Code and associated files

This repository contains code and associated files for deploying ML models using AWS SageMaker. This repository consists of a number of tutorial notebooks for various coding exercises, mini-projects, and project files that will be used to supplement the lessons of the Nanodegree.

Table Of Contents

Tutorials

  • Boston Housing (Batch Transform) - High Level is the simplest notebook which introduces you to the SageMaker ecosystem and how everything works together. The data used is already clean and tabular so that no additional processing needs to be done. Uses the Batch Transform method to test the fit model.
  • Boston Housing (Batch Transform) - Low Level performs the same analysis as the low level notebook, instead using the low level api. As a result it is a little more verbose, however, it has the advantage of being more flexible. It is a good idea to know each of the methods even if you only use one of them.
  • Boston Housing (Deploy) - High Level is a variation on the Batch Transform notebook of the same name.

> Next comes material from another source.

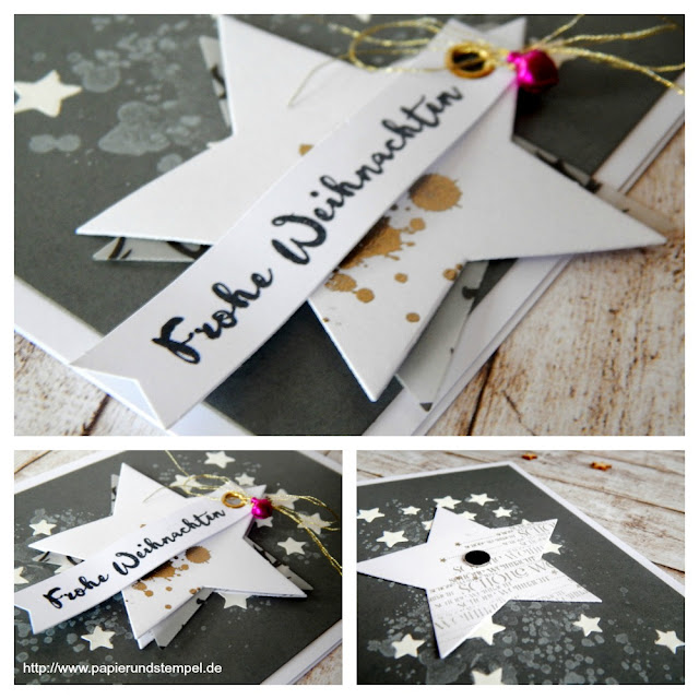 Ach, da habe ich gestern noch herum gejammert, dass die Weihnachts-Muse sich nicht blicken lässt... irgendwie scheint sie mich dann doch erhört zu haben, denn heute hatte ich einen ganz wundervollen Tag in meiner Weihnachtswerkstatt. Entstanden ist unter anderem eine Weihnachtskarte im Längsformat (ca. 10,5 cm x 21 cm) mit einem abnehmbaren Stern und einem kleinen Mixed-Media Touch.

Instead of using Batch Transform to test the model, it deploys and then sends the test data to the deployed endpoint.
  • Boston Housing (Deploy) - Low Level is again a variant of the Batch Transform notebook above. This time using the low level api and again deploys the model and sends the test data to it rather than using the batch transform method.
  • IMDB Sentiment Analysis - XGBoost - Web App creates a sentiment analysis model using XGBoost and deploys the model to an endpoint. Then describes how to set up AWS Lambda and API Gateway to create a simple web app that interacts with the deployed endpoint.
  • Boston Housing (Hyperparameter Tuning) - High Level is an extension of the Boston Housing XGBoost model where instead of training a single model, the hyperparameter tuning functionality of SageMaker is used to train a number of different models, ultimately using the best performing model.
  • Boston Housing (Hyperparameter Tuning) - Low Level is a variation of the high level hyperparameter tuning notebook, this time using the low level api to create each of the objects involved in constructing a hyperparameter tuning job.
  • Boston Housing - Updating an Endpoint is another extension of the Boston Housing XGBoost model where in addition we construct a Linear model and switch a deployed endpoint between the two constructed models. In addition, we look at creating an endpoint which simulates performing an A/B test by sending some portion of the incoming inference requests to the XGBoost model and the rest to the Linear model.

Mini-Projects

  • IMDB Sentiment Analysis - XGBoost (Batch Transform) is a notebook that is to be completed which leads you through the steps of constructing a model using XGBoost to perform sentiment analysis on the IMDB dataset.
  • IMDB Sentiment Analysis - XGBoost (Hyperparameter Tuning) is a notebook that is to be completed and which leads you through the steps of constructing a sentiment analysis model using XGBoost and using SageMaker's hyperparameter tuning functionality to test a number of different hyperparameters.
  • IMDB Sentiment Analysis - XGBoost (Updating a Model) is a notebook that is to be completed and which leads you through the steps of constructing a sentiment analysis model using XGBoost and then exploring what happens if something changes in the underlying distribution. After exploring a change in data over time you will construct an updated model and then update a deployed endpoint so that it makes use of the new model.

Project

Sentiment Analysis Web App is a notebook and collection of Python files to be completed. The result is a deployed RNN performing sentiment analysis on movie reviews complete with publicly accessible API and a simple web page which interacts with the deployed endpoint. This project assumes that you have some familiarity with SageMaker. Completing the XGBoost Sentiment Analysis notebook should suffice.

Setup Instructions

The notebooks provided in this repository are intended to be executed using Amazon's SageMaker platform. The following is a brief set of instructions on setting up a managed notebook instance using SageMaker, from which the notebooks can be completed and run.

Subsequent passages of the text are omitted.